This traditions was disturbed when Lakshman was inducted as disciple of Kailash Puri. He was a married and having family. Both the courts have noted that these persons were engaged in worshiping deities and carry out day to day function in Hindu temple. Both the courts below have noted that the property belonged to Shiv-Parvati Temple and defendants were its Pujari. The court has also taken note of paper no.185Ga that in the proceedings before S.D.M. Sadar, Mahrajganj in case no.8 of 106 under Section 210 of Land Revenue Act, Land Management Committee Vs. Shantipuri, a judgment has been passed which shows that gata no.14 measuring area 2.72 Acres was the property of Shiv-Parvati Temple Shantipuri Chela Kailash Puri was recorded as Sarvarakar. Lakshman (defendant-appellant herein), who is claiming title over the land in dispute on the basis of the sale-deed and will deed was party to this litigation. After appreciating the oral and documentary evidence, both the courts below have recorded a clear finding of fact that the area shown as Ka, Ga was recorded in the name of Shiv-Parvati Temple and Shantipuri (respondent herein) was recorded as Sarvarakar Hindu. Once it has been held by the court that Shantipuri, Kailashpuri etc. was Sarvarakar of Shiv-Parvati Temple, they were not empowered to execute a sale deed on 7.8.1984, wrote a will in respect of the property, which was not owned by them or acquired by Kaiash Puri or was devolved on him through some land of succession. The Trial Court had decided the issue against the Lakshman. What is the nature the Guru-Shishya Parampara, has been taken note of by the courts below in the light of the judgment rendered by the Apex Court and this Court. Both the courts have dealt with 11 issues, which were framed by the Trial Court in detail. Both the courts have taken note of the revenue entries and found that for the last 105 years, the temple and the land of the Shiv-Parvati Temple was recorded in the name of Virajman Deity i.e. Shiv Parvati. The person engaged for carrying out religious service in the temple as Sarvarakar has no right to sell the property of temple. Both the courts have weighed the judgment of the court and documents to record such findings of fact. The admission of Kailash Puri was recorded by both the courts shows that the Virazman deity Shiv- Parvati were the owner of the property and Kailash Puri had conceded before the Revenue Court that he was a Sarvarakar.
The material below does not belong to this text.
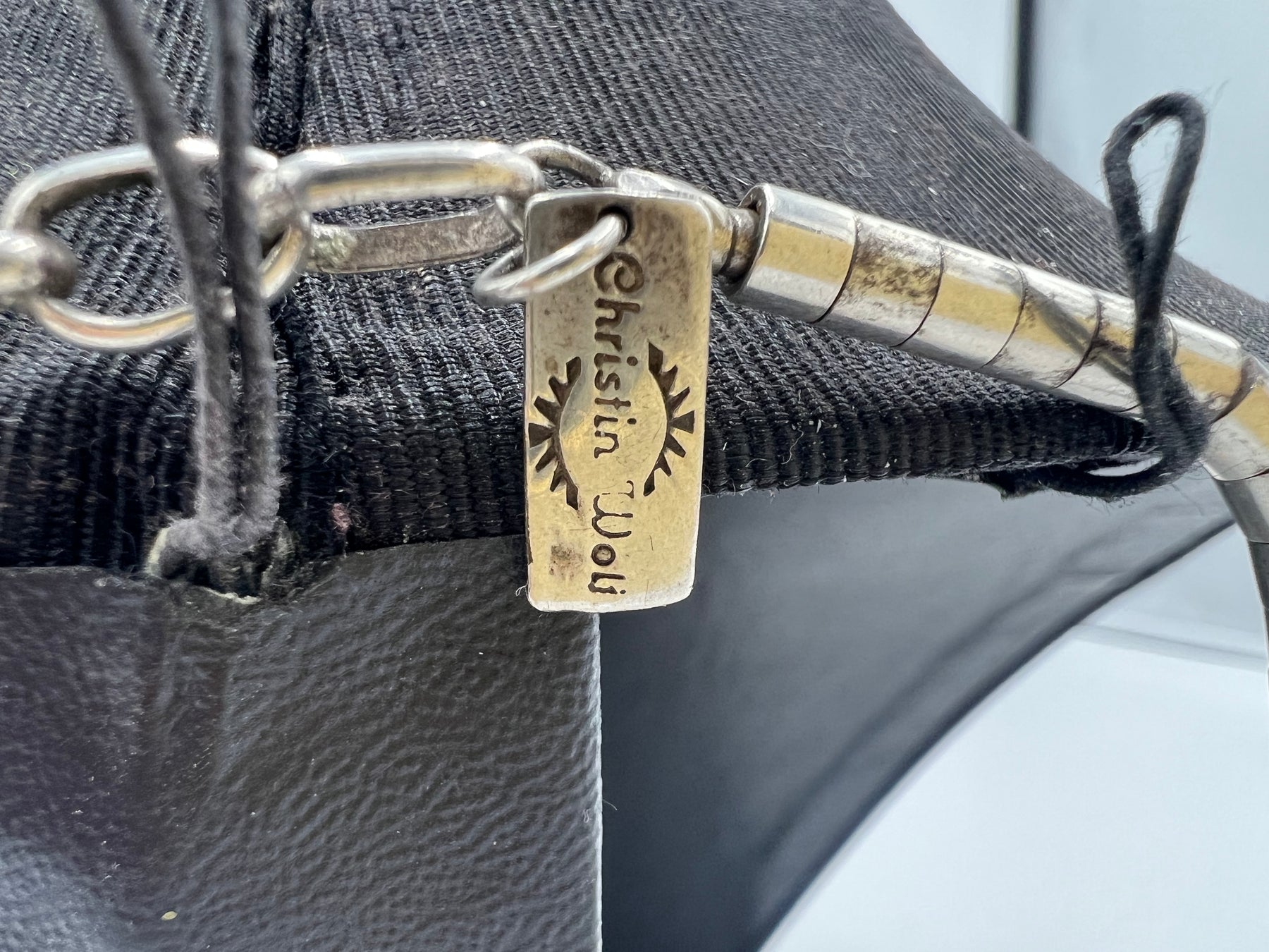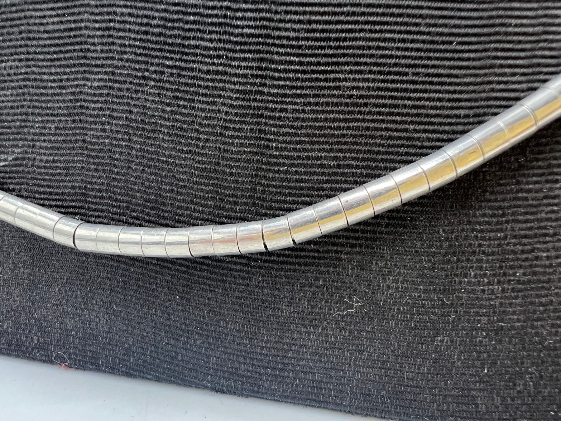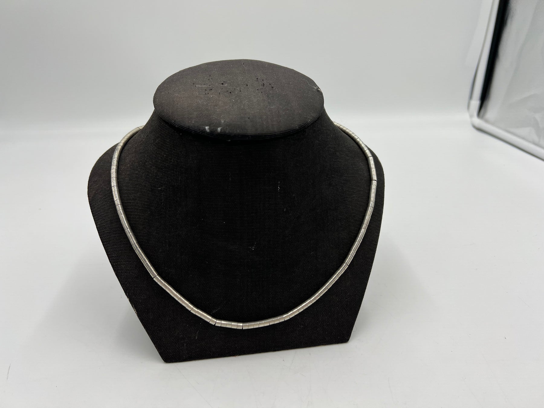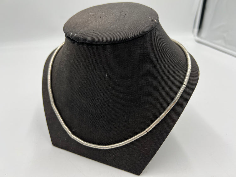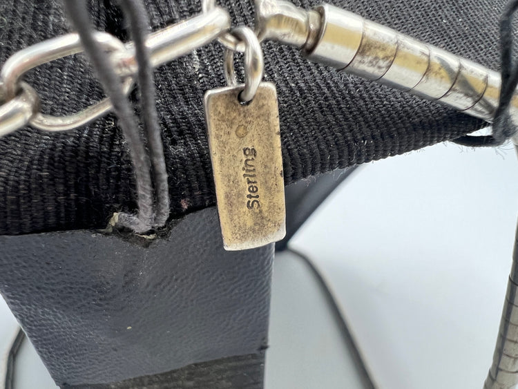 This necklace is beaded with sterling silver material. It has a blue stone on the top near the clasp; stone unknown. It has been handmade by Christin Wolf, a Navajo affiliated crafter. The necklace measures over 24 inches in length unclasped. 62 grams.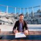 El atleta Uziel Aarón Muñoz Galarza, medallista de plata en el Campeonato Mundial de Atletismo en Tokyo 2025, firmó el Lienzo de los Atletas Olímpicos, en...

The appellant before the lower Appellate Court and this court has submitted that the dispute was barred by Section 49 of the C.H.Act and he has placed reliance upon a judgment rendered by the Apex Court reported in 2001 (92) RD 241 SC, Shri Ram and another Vs. 1st Additional District Judge and Others in support of his submissions. In para 25 and 26 of the judgment of the lower Appellate Court, this point has been dealt with in detail that no document was placed before the court below as to when Section 4 under C.H.Act and when the Consolidation Proceedings were concluded as per Section 52 of the C.H. Act. The court below has taken note of the document 14 Ka, which shows that Kailash Puri had himself expressed his mind that parties may reach at the compromise before the Settlement Officer, Consolidation. If the sale deed was executed on 7.8.1984, permission of the competent court i.e. Settlement Officer, Consolidation ought to have been taken by the Vendor. As far as execution of 25 Kha is concerned, it was carried out in respect of property indicated as Ka and Ga. No document or evidence was found to demonstrate before the courts below that the suit relating to sale deed was barred by C.H.Act and this argument was found to be of no avail to the appellant. This court also founds that the findings recorded by the Trial Court and the First Appellate Court and the judgment cited by the learned counsel for the appellant are not applicable in the present facts and circumstances of the case, where it has been concurrently found by the two courts below that the appellant Lakshman has no right to sell the property of land belonging to Virajman Deity i.e. Shiv Parvati Temple. There appears to be no illegality or infirmity in the judgment rendered by the courts below.
No substantial question of law is made out and the appeal under Section 100 of C.P.C. is dismissed.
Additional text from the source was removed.